2.5 O PROGRAMA DE CONTROLE DO TABAGISMO NO BRASIL

Em meados da década de setenta, a epidemia de tabagismo avançou consideravelmente no Brasil, provocada pela da ação das indústrias de tabaco que ocasionaram aumento do consumo dos seus produtos e, das doenças tabaco- relacionadas (JAQUES, 2010; COSTA E SILVA; ROMERO, 2011; JAQUES; TEIXEIRA, 2011). A consolidação do tabagismo, para as agências internacionais, como problema de saúde pública e o aumento das discussões acerca dos malefícios, oriundos do tabagismo, fizeram com que se ampliassem as iniciativas propondo a regulamentação da sua comercialização e consumo no país e a

formação de grupo antitabagista compostos por organizações médicas e associações civis no Brasil (JAQUES; TEIXEIRA, 2011).

A luta antitabágica fez com os projetos de lei ganhassem pauta no Congresso Nacional, a partir de 1960, mostrando a preocupação dos riscos associados aos malefícios do tabaco para a sociedade. Em 1979, foi elaborado o primeiro Programa Nacional Contra o Fumo por associações médicas, centros universitários, secretarias de saúde e outras reunidas pela Sociedade Brasileira de Cancerologia (JAQUES; TEIXEIRA, 2011; COSTA E SILVA; ROMERO, 2011). Assim, os debates e as mobilizações da sociedade civil cresceram e foram de fundamental importância para ampliação das ações de controle do tabaco no país.

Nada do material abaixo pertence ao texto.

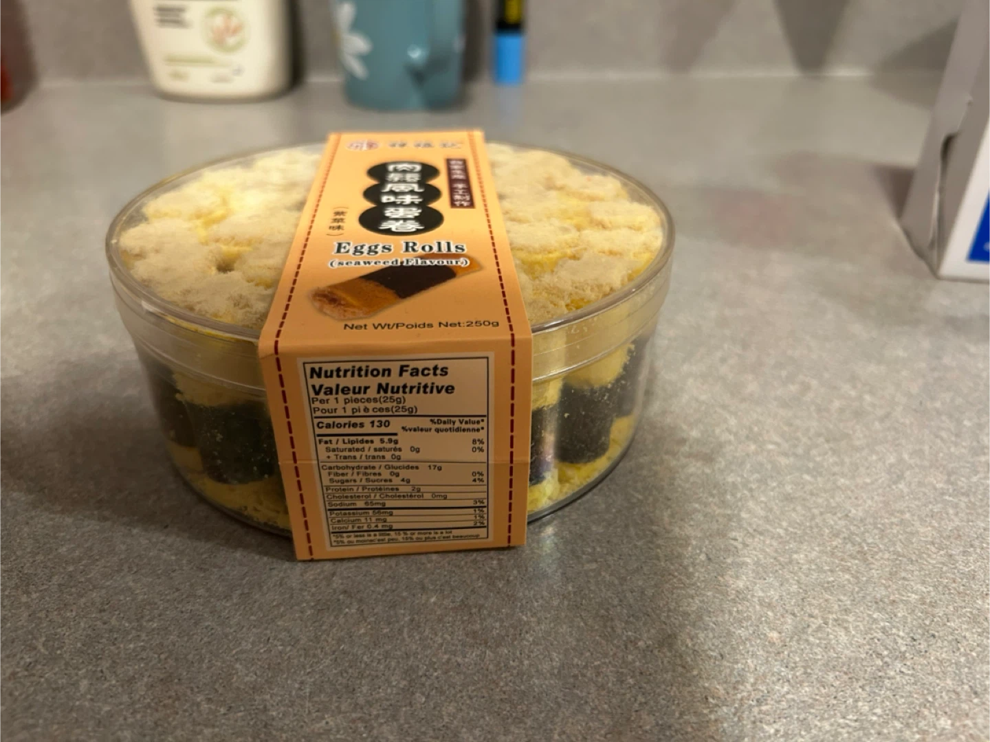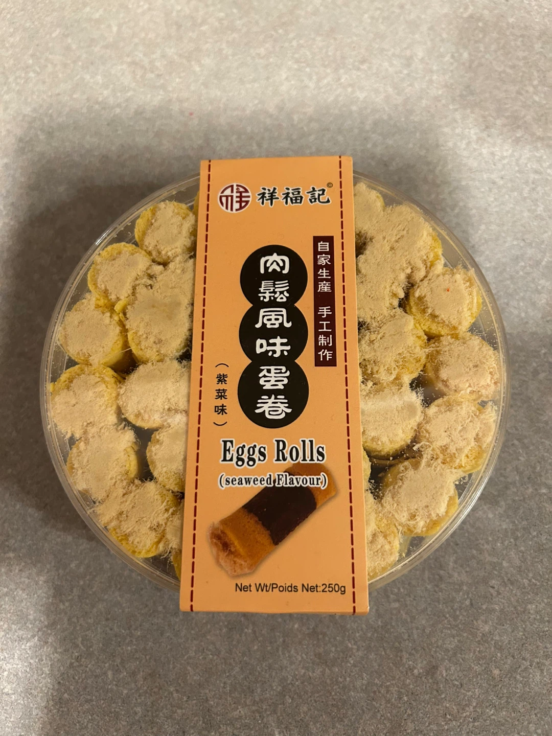Selling a container of egg rolls with seaweed flavour. Net weight is 250g. Great for a snack!
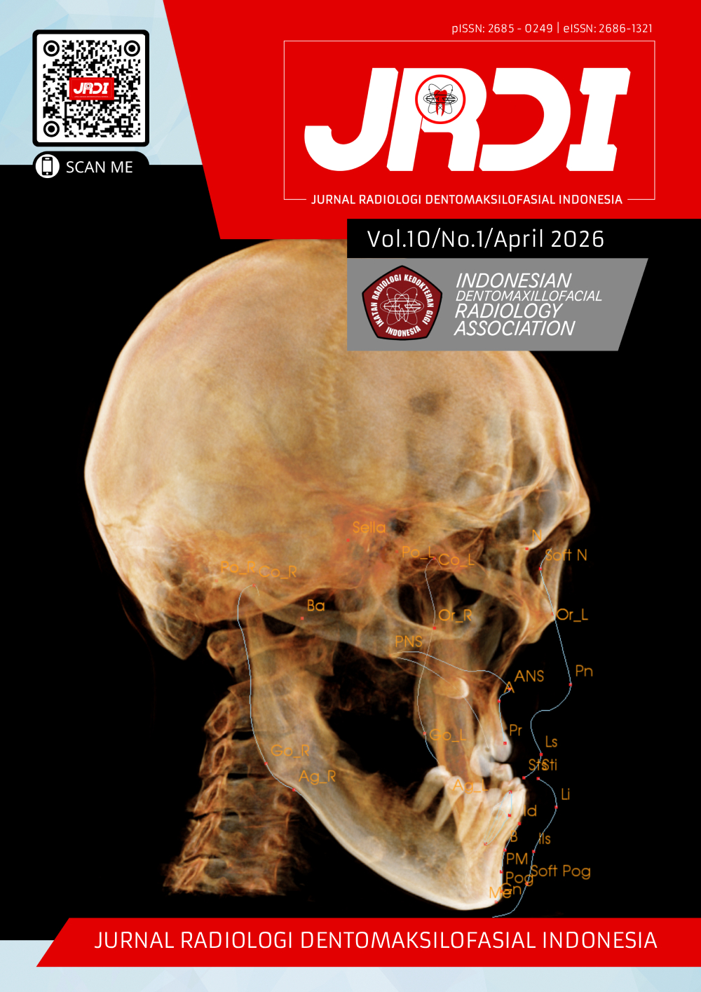 Jurnal Radiologi Dentomaksilofasial Indonesia (JRDI) is a scientific publication which contains manuscripts particularly in the area of Dentomaxillofacial Radiology, published...
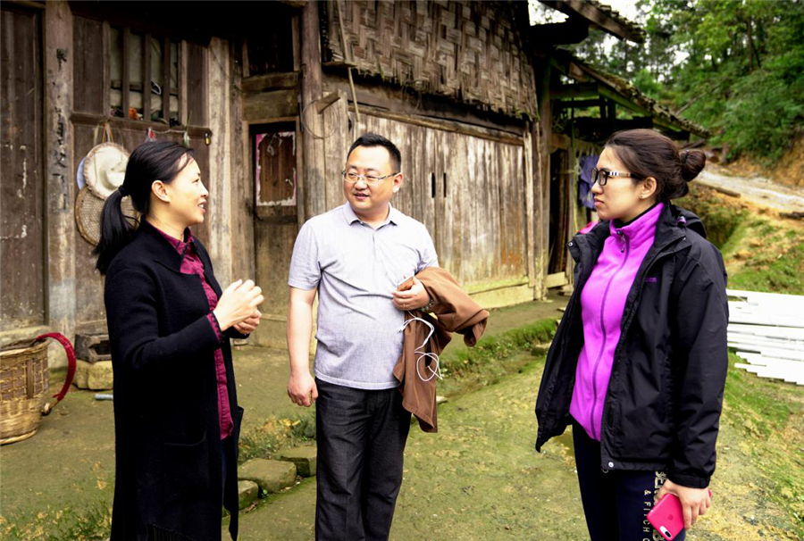 图为欧美同学会海归专家服务团成员向基层干部了解当地扶贫项目发展情况。

No Brasil, as ações de controle do tabagismo, com atuação governamental, tornaram-se mais sistematizadas a partir de 1985, com a Portaria Nº. 655/GM, que nomeou um Grupo Assessor do Ministério da Saúde para o desenvolvimento de ações para controle do tabagismo no Brasil, sob a coordenação das divisões nacionais de Pneumologia Sanitária e de Doenças Crônico-Degenerativas. O Programa Nacional de Combate ao Fumo teve os seguintes objetivos iniciais: implantar o Programa nas unidades federadas; dimensionar a epidemia tabágica; reduzir a prevalência de fumantes e conseguir legislação de controle (MIRRA; ROSEMBERG, 2000).

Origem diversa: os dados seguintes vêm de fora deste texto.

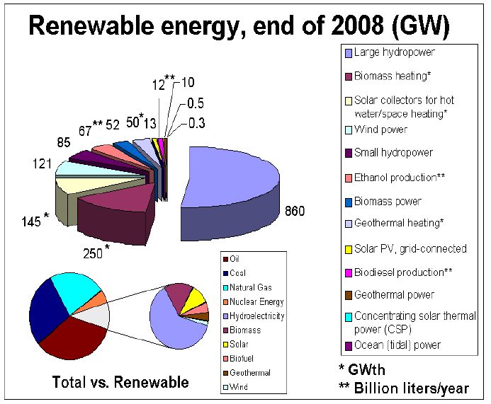 الطاقة التي تتجدد على مدى الزمن مثل ضوء الشمس والرياح والامطار والمد والجزر وحرارة باطن الارض ويمكن ان يستعمل بعضها من قبل الكائنات القادرة على التخليق الضوئي وبذلك فهي تحول الطاقة الشمسية إلى طاقة يمكن للإنسان استعمالها، فالنباتات تثبت سنوياً ما يقارب من 2*1110 طن من الكاربون باستعمال مقدار من الطاقة الذي يصل إلى 22*2110 جول ، وبذلك تكون كفاءة الأحياء الخضر في اقتناص نسبة 3– 4% من الطاقة الواصلة للأرض التي تستعمل لانتاج الطاقة وانتاج الوقود الحيوي Biofuel مثل Bioethanol وغيرها من انواع الوقود الحيوي ، وتستعمل لاغراض مختلفة مثل توليد الطاقة للتسخين او النقل وغيرها من الاغراض ، وكل مصدر من المصادر يشكل جزءا" من الكل . وتعد هذه الطاقة هي الأهم مقارنة بالطاقة الحفرية غير المتجددة مثل النفط الذي سينفد يوما ما. ويمكن استعمال الطاقة الشمسية لإنتاج النفط كما في بعض النباتات أو الطحالب.
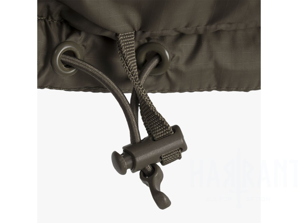 Bunda je vyrobena z odolného nylonového ripstop materiálu, který poskytuje dobrou ochranu proti opotřebení při zachování nízké hmotnosti.
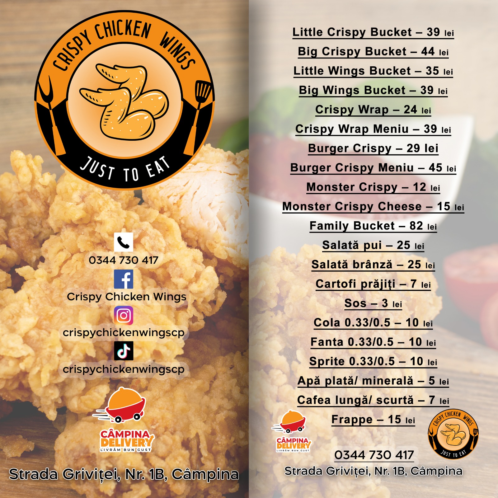 Suntem un restaurant fast-food local, situat în Câmpina, pe strada Griviței nr. 1B, și te așteptăm mereu cu zâmbetul pe buze și mâncarea perfectă pentru orice moment al zilei. Indiferent că vrei o gustare rapidă sau o masă completă, Crispy Chicken Wings este alegerea ideală pentru gustul autentic și calitatea garantată.
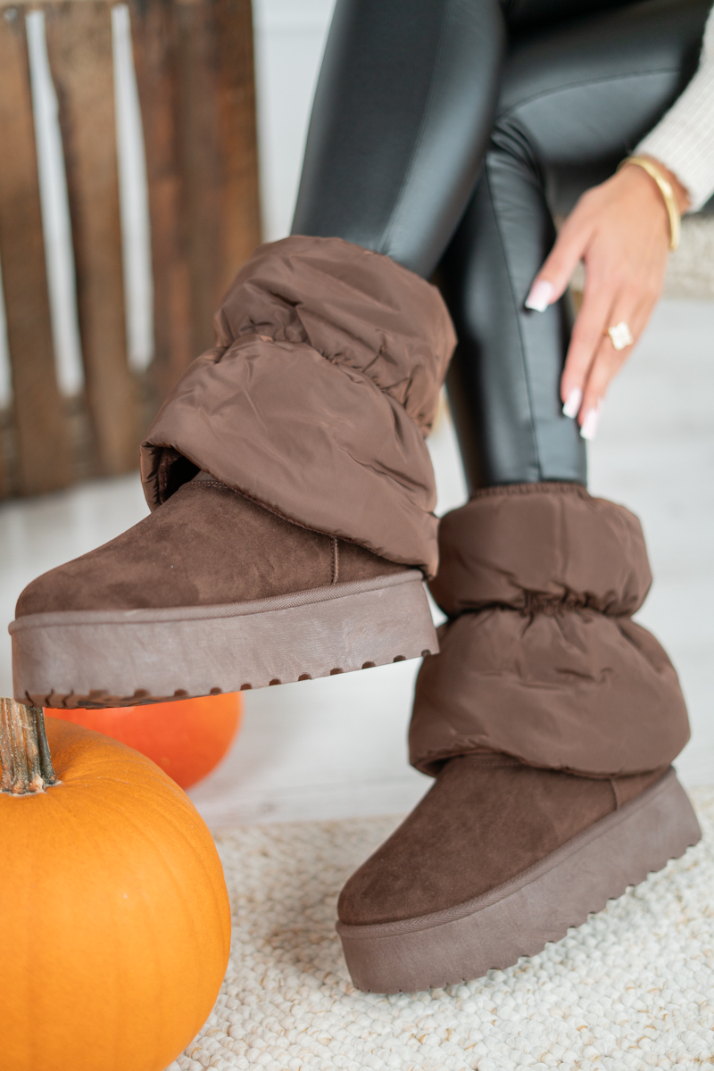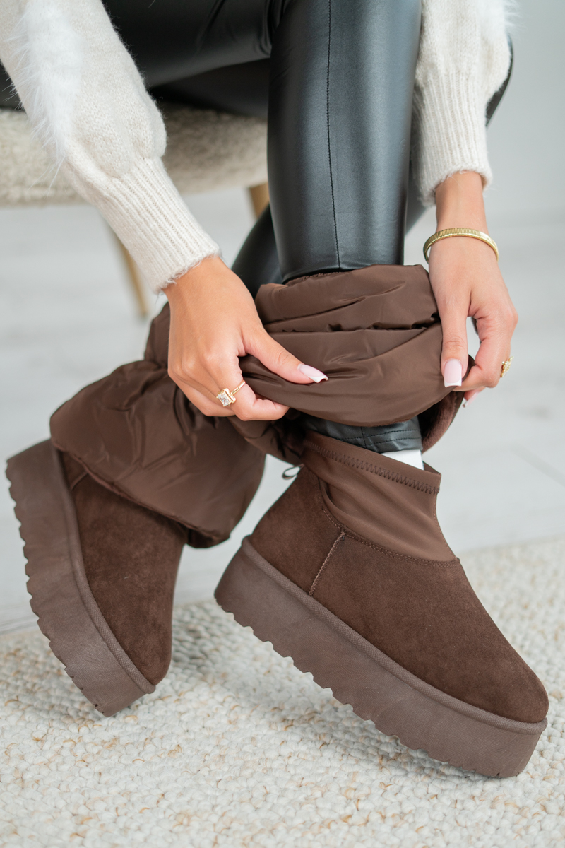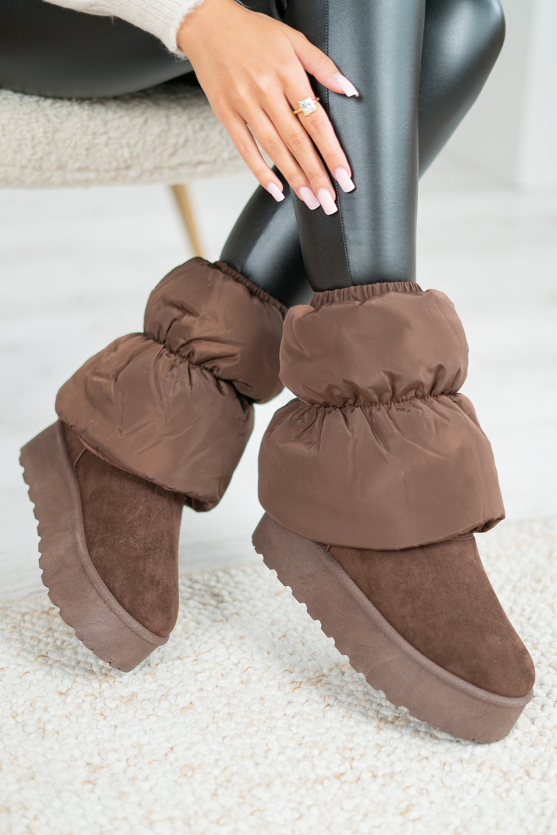 Śniegowce ocieplane na platformie z elastyczną kostką Czekoladowy – Snolira

A partir de 1989, o Ministério da Saúde assumiu, por meio do Instituto Nacional de Câncer, o papel de organizar o Programa Nacional de Controle do Tabagismo (PNCT). Esse programa é desenvolvido em parceria com as secretarias estaduais e municipais de Saúde e com vários setores da sociedade civil organizada, sobretudo das sociedades científicas e de conselhos profissionais da área da saúde. De forma geral, objetiva reduzir a prevalência de fumantes e a morbimortalidade consequente ao consumo de derivados do tabaco no Brasil. Especificamente, visa reduzir a iniciação do tabagismo, principalmente entre jovens, aumentar a cessação do fumar entre os que se tornaram dependentes e proteger todos dos riscos do tabagismo passivo (BRASIL, 2003a; CAVALCANTE, 2005).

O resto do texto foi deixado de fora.